Sooooo… no more excuses.

We got into a huge fight early this morning because Marty had gotten up early to go to a breakfast meeting with the rest of the crew of Master Plumbing. Although the company’s been good to Marty and has helped us greatly in paying for our expenses, it’s greatly hindered him from pursuing his own dreams of running a landscape business. It was a nasty verbal fight that ended in me crying and him not going to the breakfast meeting. I feel real bad because I know he really wanted to go. He’s starving for friendship. He has no other friends other than me, Sean, and Matt from work.

So I decided not to ride his ass about this landscaping business. I’ll help him any way I can in pursuing his dreams. But I won’t bitch at him about it anymore. I’m a fuckin’ hypocrite. After all, I haven’t been helping Marty pay the bills. He’s been carrying it all on his shoulders and he’s under a lot of stress.
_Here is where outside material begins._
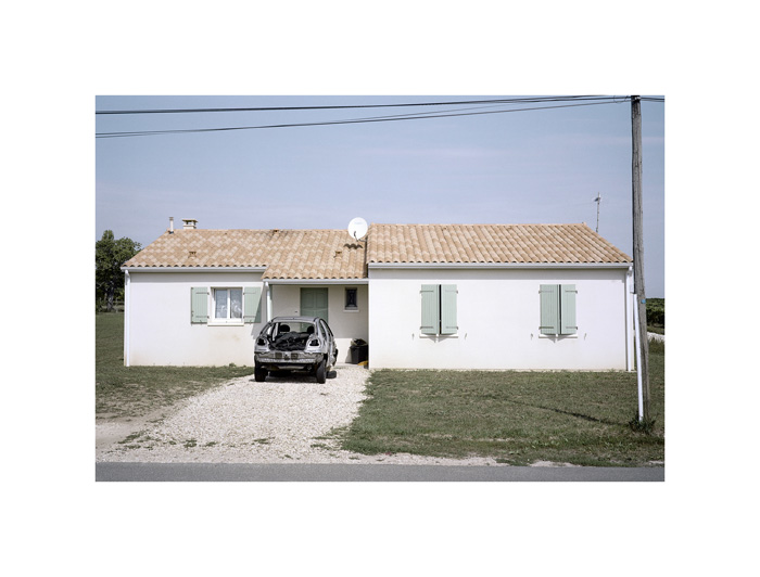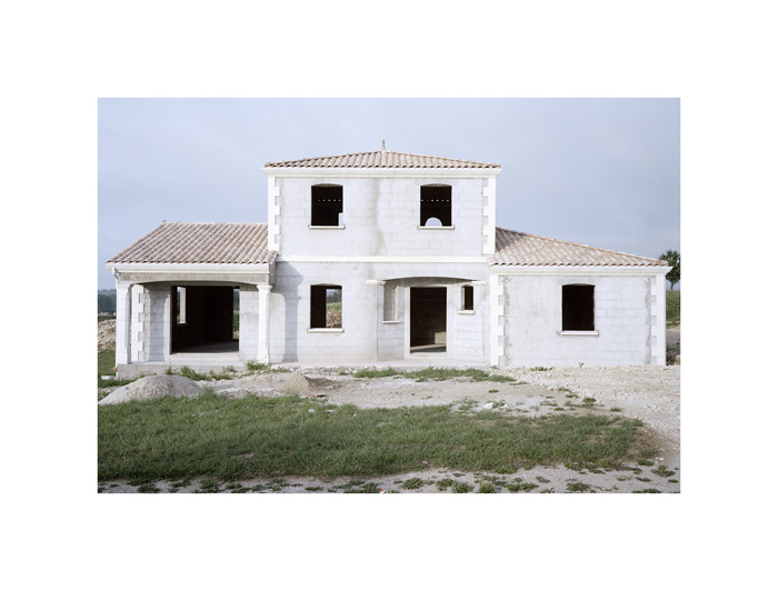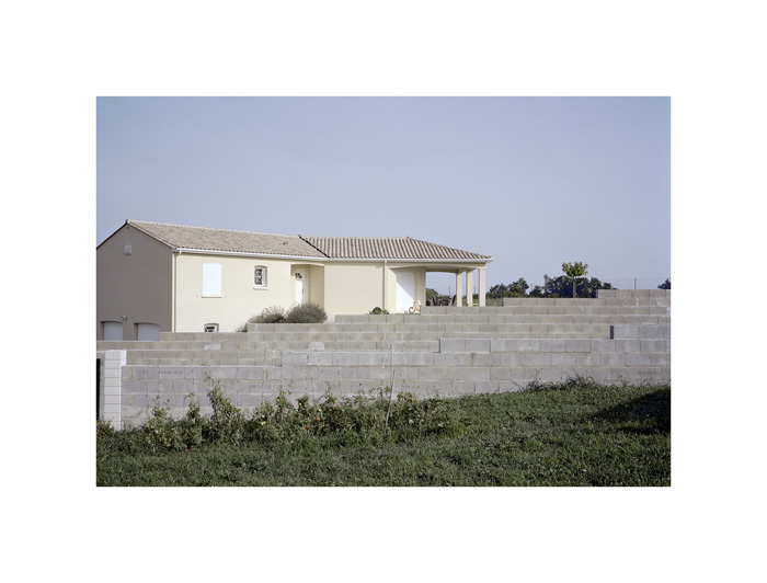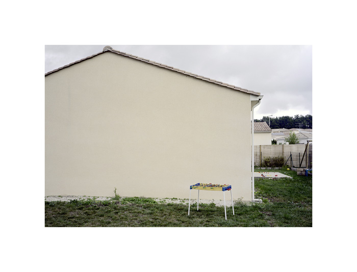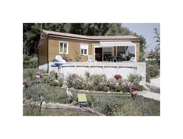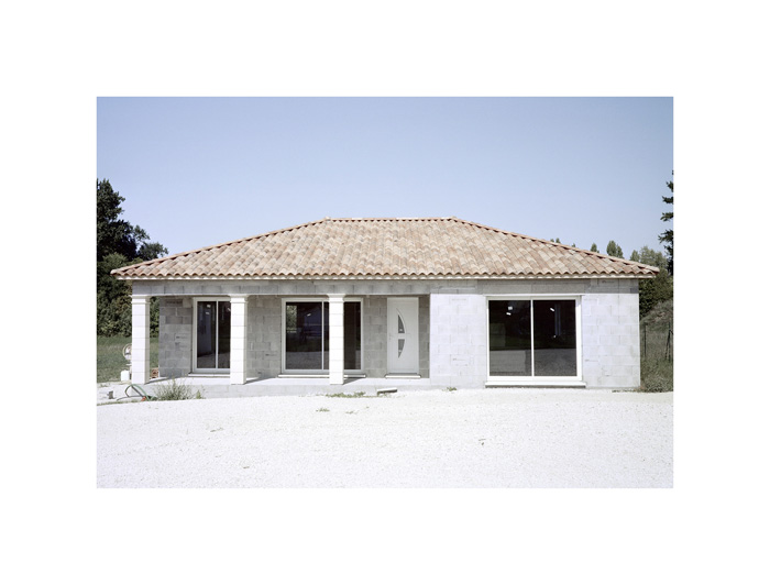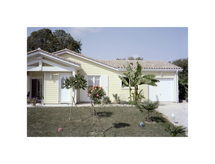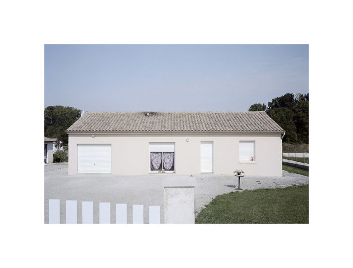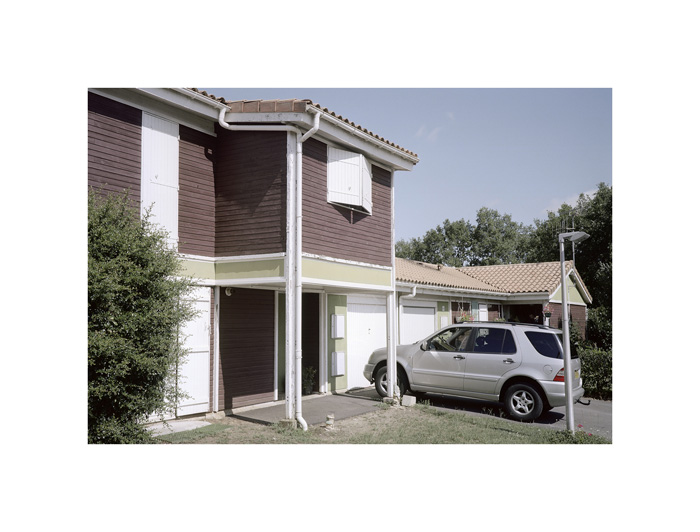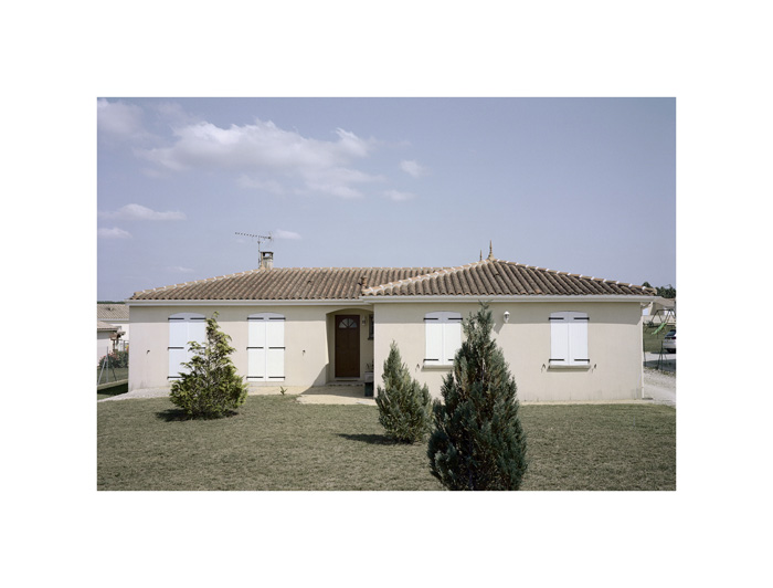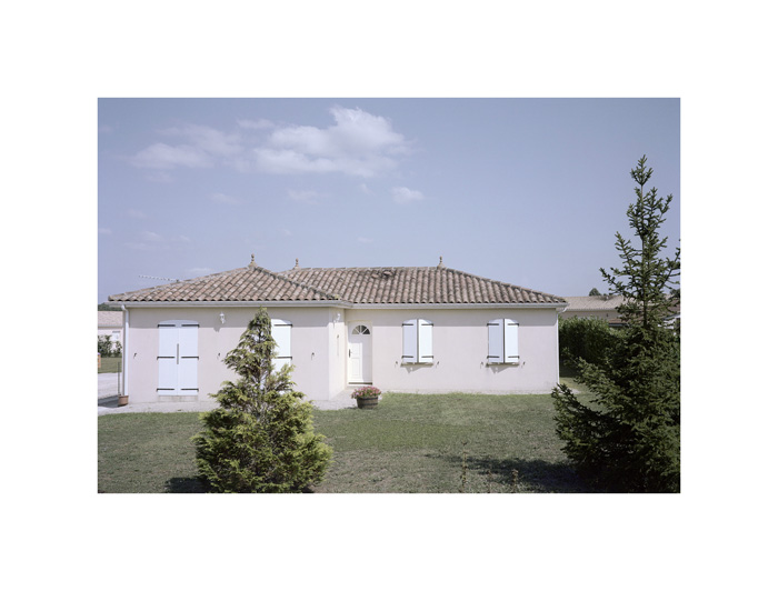 Les photographies d’André Mérian figent le rapport entre espace et lieu. La tension est particulièrement exemplaire dans la série ici présentée. Le protocole de ce travail reste d’une extrême simplicité : attester d’un territoire restreint en se focalisant sur l’habitat pavillonnaire. L’exploration se mue ici en apprentissage puisqu’André Mérian pense le territoire comme un champ d’expression et de culture.

The best I can do for him is to kick my own ass and pursue what I want and need to get for our family.

I also complain a lot about my extra weight. I know I’m not fat. But I don’t even know how much I weigh. The last time I checked was more than a year ago in WA and I was 120 lbs. I’m probably around that weight now, give or take a few pounds. So I downloaded a DVD of workout videos collectively known as Hip Hop Abs. It was recommended on WWL. I burned it to a DVD late last night and willed myself to try out the first video today. It was actually a lot of fun. The guy leading the video is a pretty cute, ripped black guy but I believe he’s gay. He move’s too female-sexy not to be. But that’s ok. Gay guys are cool. Anyway, the video was high impact, high energy. I was definitely working up a sweat but having lots of fun dancing to the music. I just need to do this once a day. I know I’ll lose at least 10 lbs doing it by the time I turn 29 in October. That’s only a few months away.